▶ WHAT TO WORK ON
Look through the data below and output, unchanged, every line from the one holding "2025年11月28日から2" through the one holding "King Edward VIII 1937", inclusive. Skip the pictures.

▶ EXERCISE INPUT
*** Begin section ***

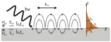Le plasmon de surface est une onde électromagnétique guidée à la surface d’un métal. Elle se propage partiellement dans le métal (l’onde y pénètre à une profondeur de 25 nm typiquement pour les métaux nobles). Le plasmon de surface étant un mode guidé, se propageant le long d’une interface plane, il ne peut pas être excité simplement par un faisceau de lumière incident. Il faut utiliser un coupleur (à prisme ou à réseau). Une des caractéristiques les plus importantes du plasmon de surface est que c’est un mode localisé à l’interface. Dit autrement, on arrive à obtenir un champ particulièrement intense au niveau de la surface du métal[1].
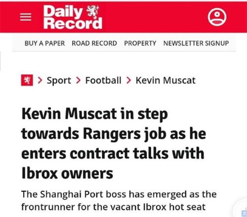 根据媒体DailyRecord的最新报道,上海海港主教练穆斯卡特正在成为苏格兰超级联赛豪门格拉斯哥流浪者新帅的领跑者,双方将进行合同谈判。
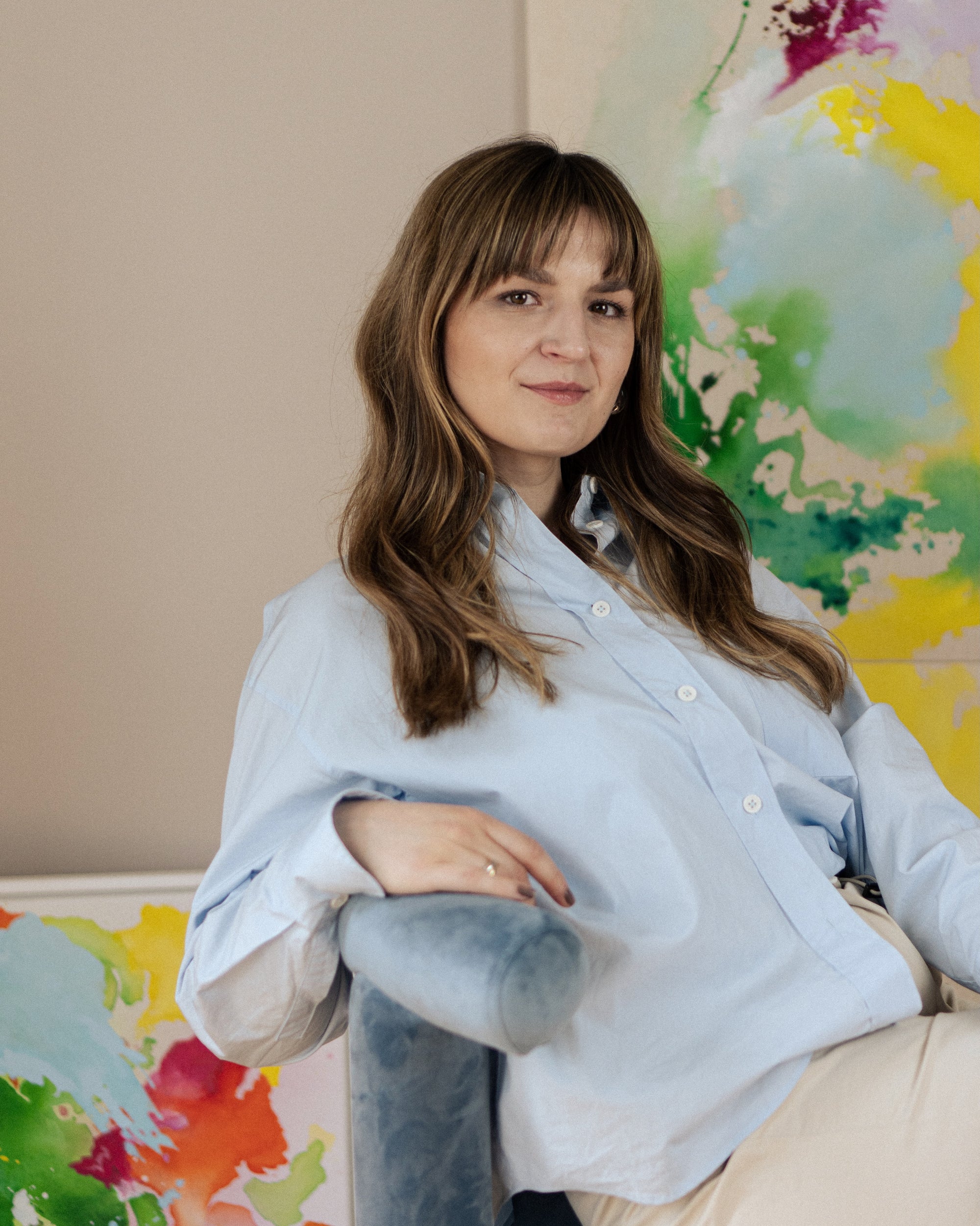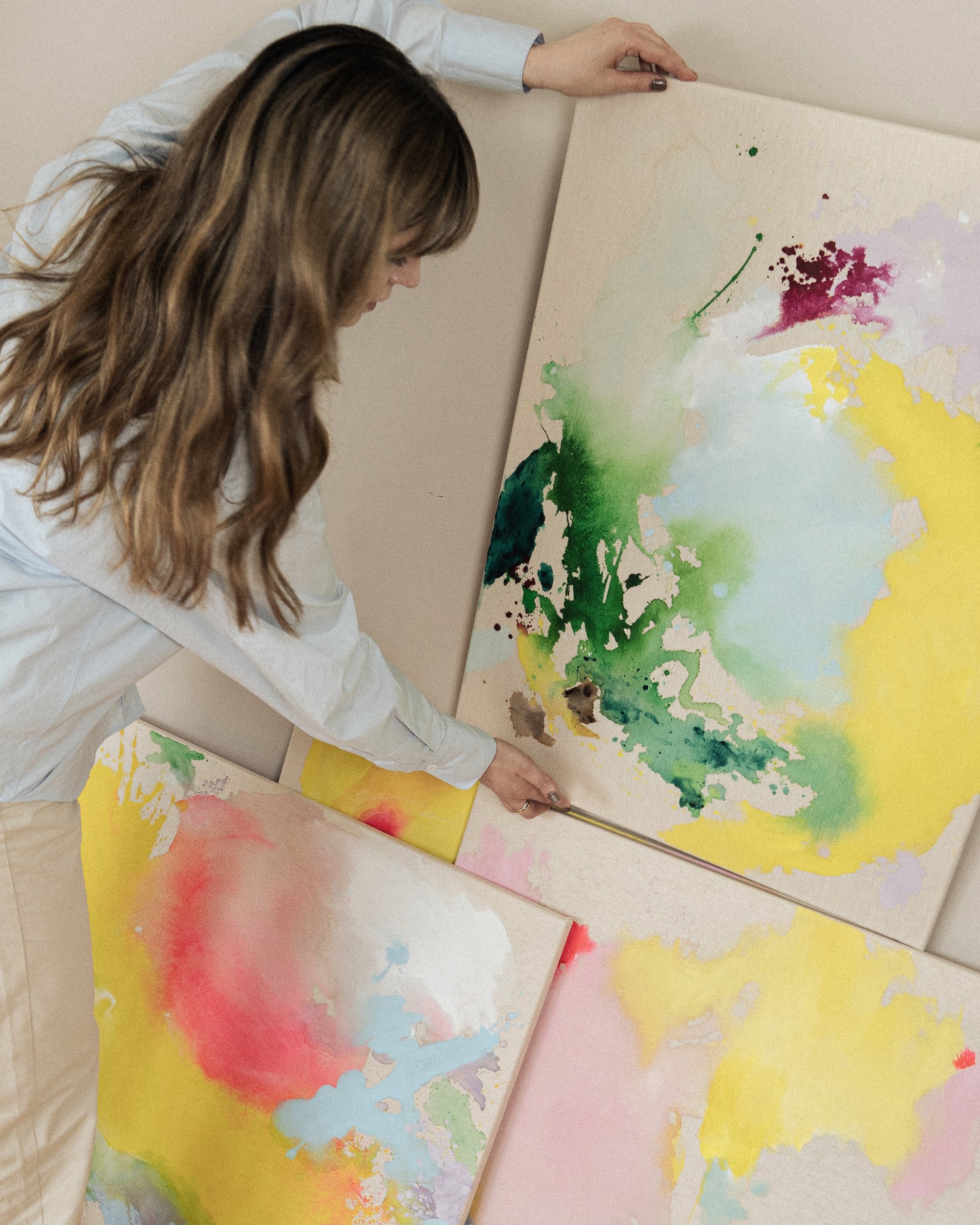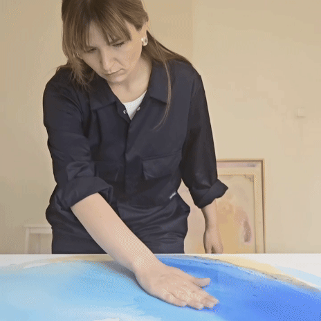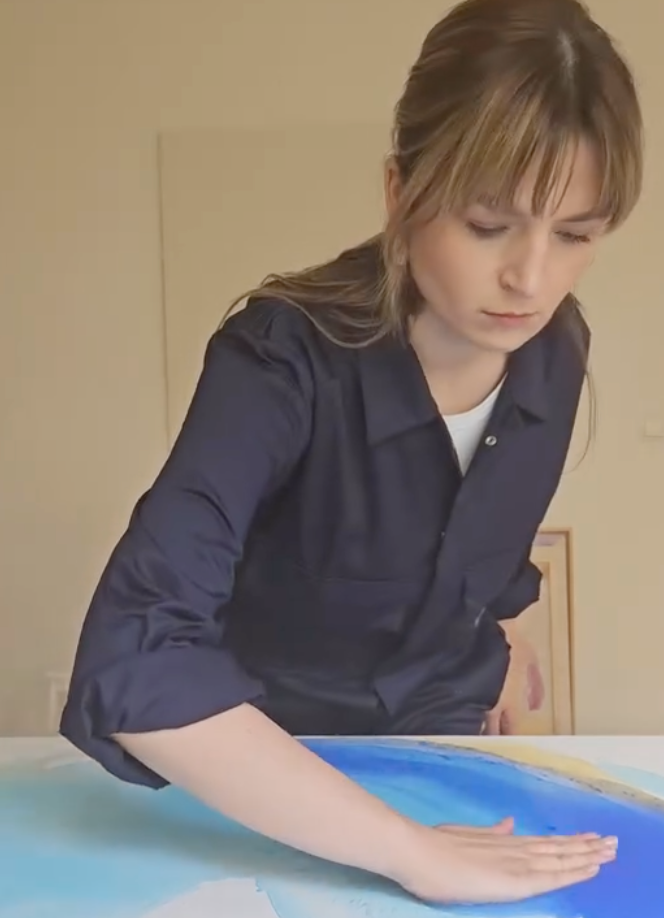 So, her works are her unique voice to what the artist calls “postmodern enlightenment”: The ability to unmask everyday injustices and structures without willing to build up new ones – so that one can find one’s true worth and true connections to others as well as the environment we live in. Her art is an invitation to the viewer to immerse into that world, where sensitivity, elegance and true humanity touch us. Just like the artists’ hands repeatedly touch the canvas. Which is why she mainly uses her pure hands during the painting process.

*** End section ***
*** Begin section ***

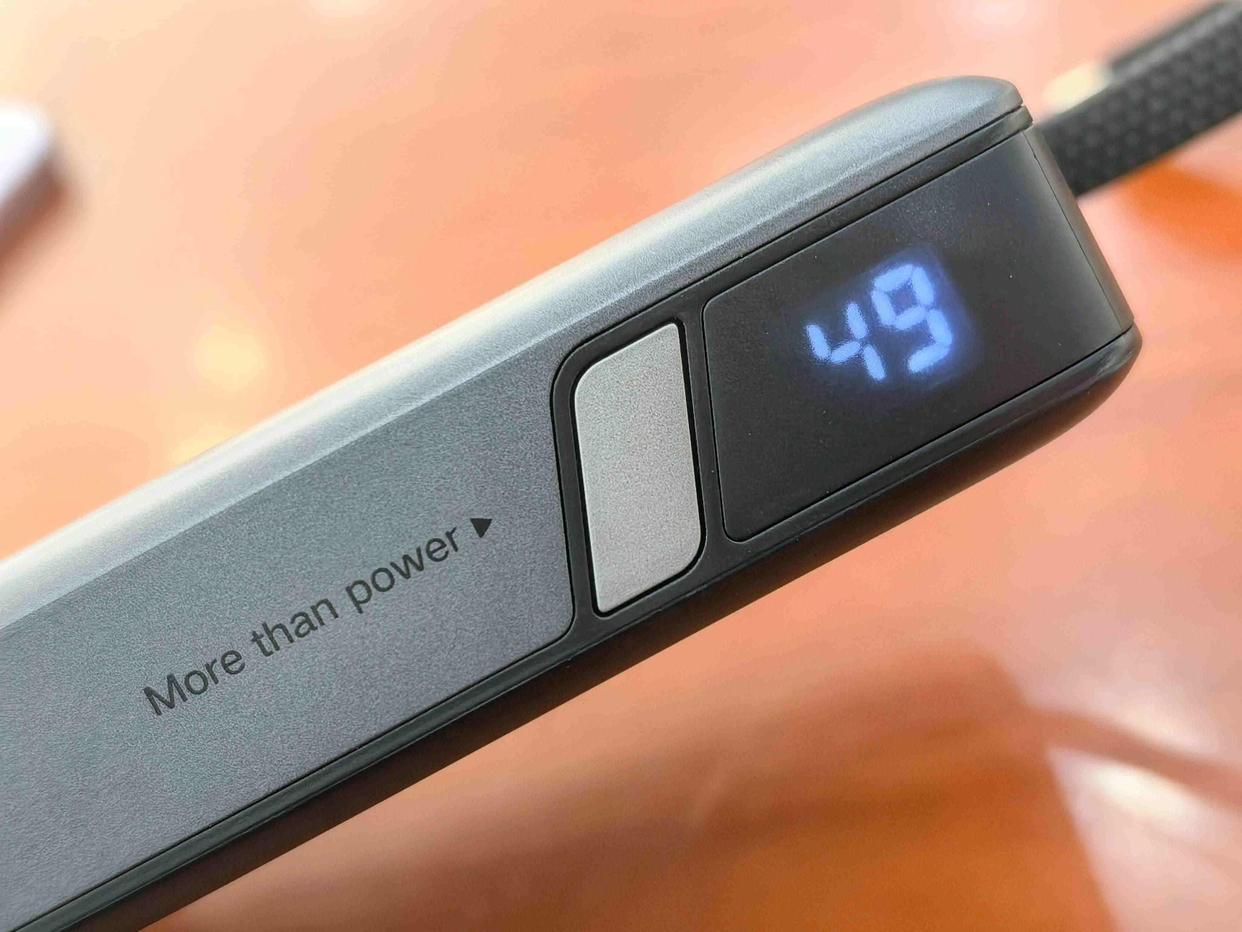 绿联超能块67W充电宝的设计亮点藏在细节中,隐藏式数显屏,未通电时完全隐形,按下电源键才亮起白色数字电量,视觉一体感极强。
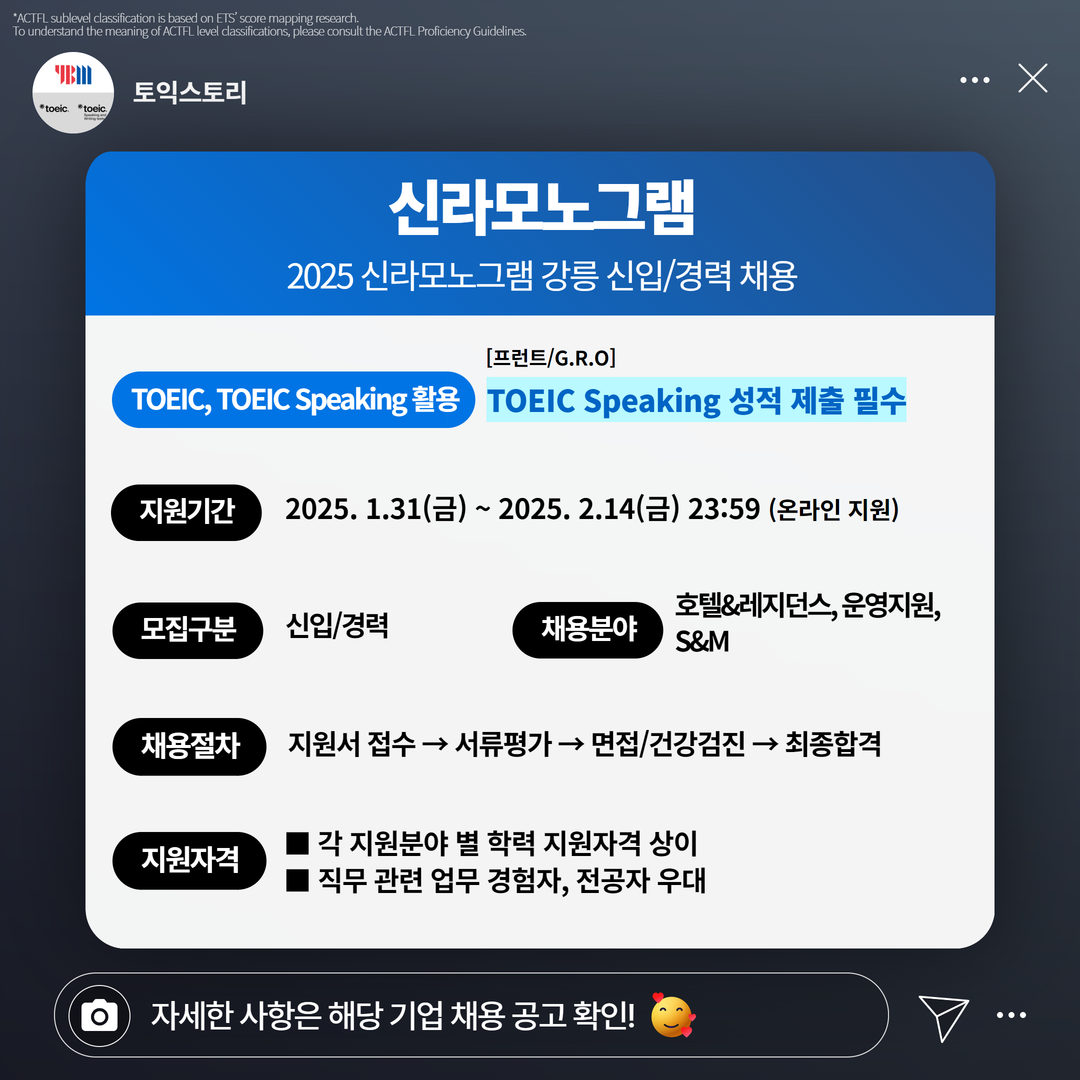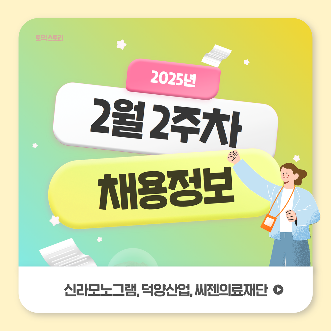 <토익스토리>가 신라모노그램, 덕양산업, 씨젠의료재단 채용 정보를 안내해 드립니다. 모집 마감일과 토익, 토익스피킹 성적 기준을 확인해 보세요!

*** End section ***
*** Begin section ***

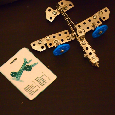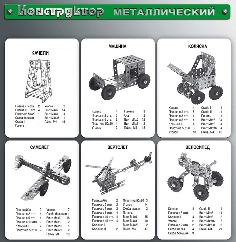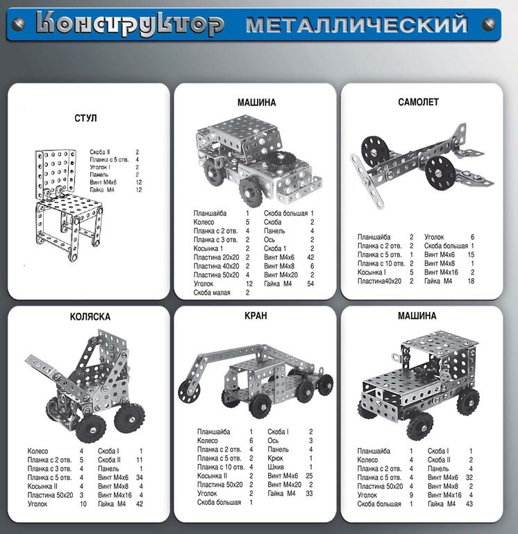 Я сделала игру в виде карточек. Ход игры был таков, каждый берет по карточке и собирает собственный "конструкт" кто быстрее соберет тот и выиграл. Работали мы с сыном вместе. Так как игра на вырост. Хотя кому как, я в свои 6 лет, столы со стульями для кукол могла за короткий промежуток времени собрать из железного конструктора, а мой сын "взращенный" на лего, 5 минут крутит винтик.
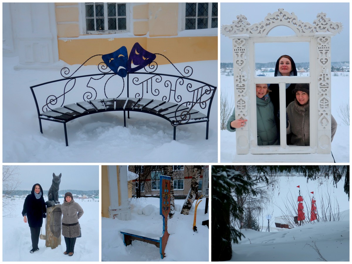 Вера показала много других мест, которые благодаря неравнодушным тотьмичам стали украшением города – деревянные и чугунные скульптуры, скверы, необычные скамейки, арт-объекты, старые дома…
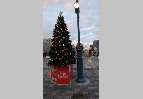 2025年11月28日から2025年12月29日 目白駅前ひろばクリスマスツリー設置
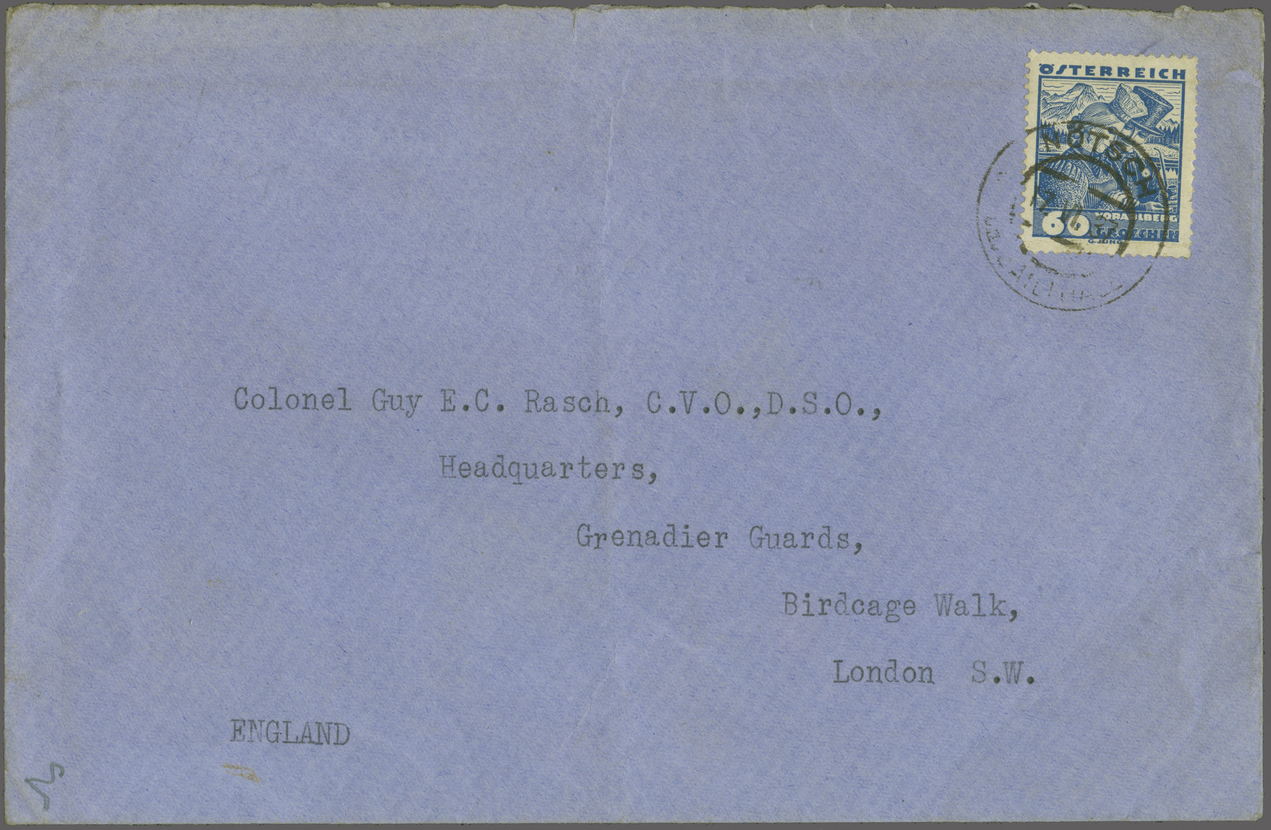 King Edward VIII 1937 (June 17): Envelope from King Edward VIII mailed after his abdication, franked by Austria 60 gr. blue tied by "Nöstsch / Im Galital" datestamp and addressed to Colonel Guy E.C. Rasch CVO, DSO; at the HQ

*** End section ***

▶ SOLUTION TO THE PROBLEM
 2025年11月28日から2025年12月29日 目白駅前ひろばクリスマスツリー設置
 King Edward VIII 1937 (June 17): Envelope from King Edward VIII mailed after his abdication, franked by Austria 60 gr. blue tied by "Nöstsch / Im Galital" datestamp and addressed to Colonel Guy E.C. Rasch CVO, DSO; at the HQ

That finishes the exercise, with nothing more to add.